Startup Innings

Memorandum of Association of a company is the constitution of the company, which refers business activities of the company, Capital, State of incorporation, liabilities of the members etc…Alteration in MOA can be affected by passing a special resolution. the meeting of the Shareholders of the company. In this process a special care should be taken during the procedure.

Alteration Requiring MOA amendment

Altering Name in MOA

Alteration of Memorandum can be affected by passing a special resolution by the company. Alteration is required when you change the name of the company like Private limited Company or Public Limited Company, in this case no approval of central government is required. In other cases central government consent is needed.

Registered office Change (State to State)

For the Shifting of the registered office from one state to another state changes in Memorandum of Association is required by the company. However, there are some reasons that include in change in registered office to other state:

  • The operations done in the current location should be developed.
  • The existing objectives have to be managed.
  • Business enterprise partially or wholly to be sold.
  • The business can be merged with other business.
  • The business should be conducted more professionally and even more economically.
By the Shareholders of the Company a special resolution has to be approved if the registered office is shifted from one state to another state. If the registered office is shifted the change in Memorandum must be filed to the registrar of the state informed by the company that is moving and also the registrar of the state where there is shifting. After getting the approval from the registrar of Companies, changes should be done in MOA of the company so that the present location of the registered office can be located.

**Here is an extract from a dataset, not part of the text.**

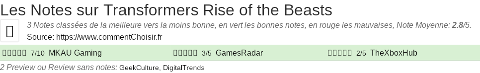 Les notes des sites et magazines internet peuvent etre peut-etre biaisés, au moins avec les avis client et des utilisateurs qui ont acheté Transformers Rise of the Beasts sur amazon ou la fnac, on est sur d'avoir de vrais critiques sur ce produit. (les liens vers les magasins sont sponsorisés). Pour les jeux et quand cela est est possible nous listons aussi les notes moyennes sur les plateformes de consommateurs (comme IGDB)
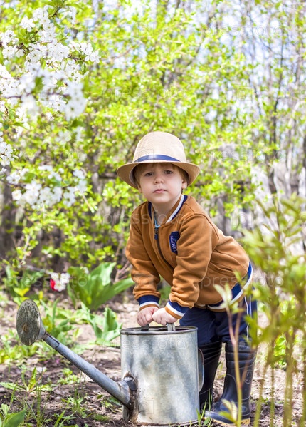 Симпатичный маленький мальчик в шляпе и резиновых сапогах поливает растения лейкой в саду. Очаровательный малыш помогает своим родителям выращивать овощи

Alteration of Objects Clause

In Object Clause, the company doesn’t permit to do business activity which is not mentioned in the object clause. Changes in the object clause can be easily made in case of private limited Company without any inconvenience. If same process is done for a public company then special resolution should be passed and also published in newspapers where the registered office of the company is located.

Alteration of the Liability Cause

To make the changes in the liability a special resolution is passed .MOA should state that the company is limited by shares or by guarantee. and also, the liability of the members is limited or not. Within the 30days of change made a resolution must be filled with the registrar.

Alteration of Capital Clause

Alteration of Capital Clause can be discussed in the general meeting. Changes may require for a subdivision of the shares or consolidation of shares. Other reason for alteration is conversion of stock, and within 30days the alteration of the registrar can be filled.

Alteration of Authorized Capital

The checking of the Authorized Capital of the company must be there for issuing its shares. If the share capital exceeds the amount of Authorized capital then the company can’t issue the shares. Hence the authorized capital of the company must be increased and modification to the MOA should be made.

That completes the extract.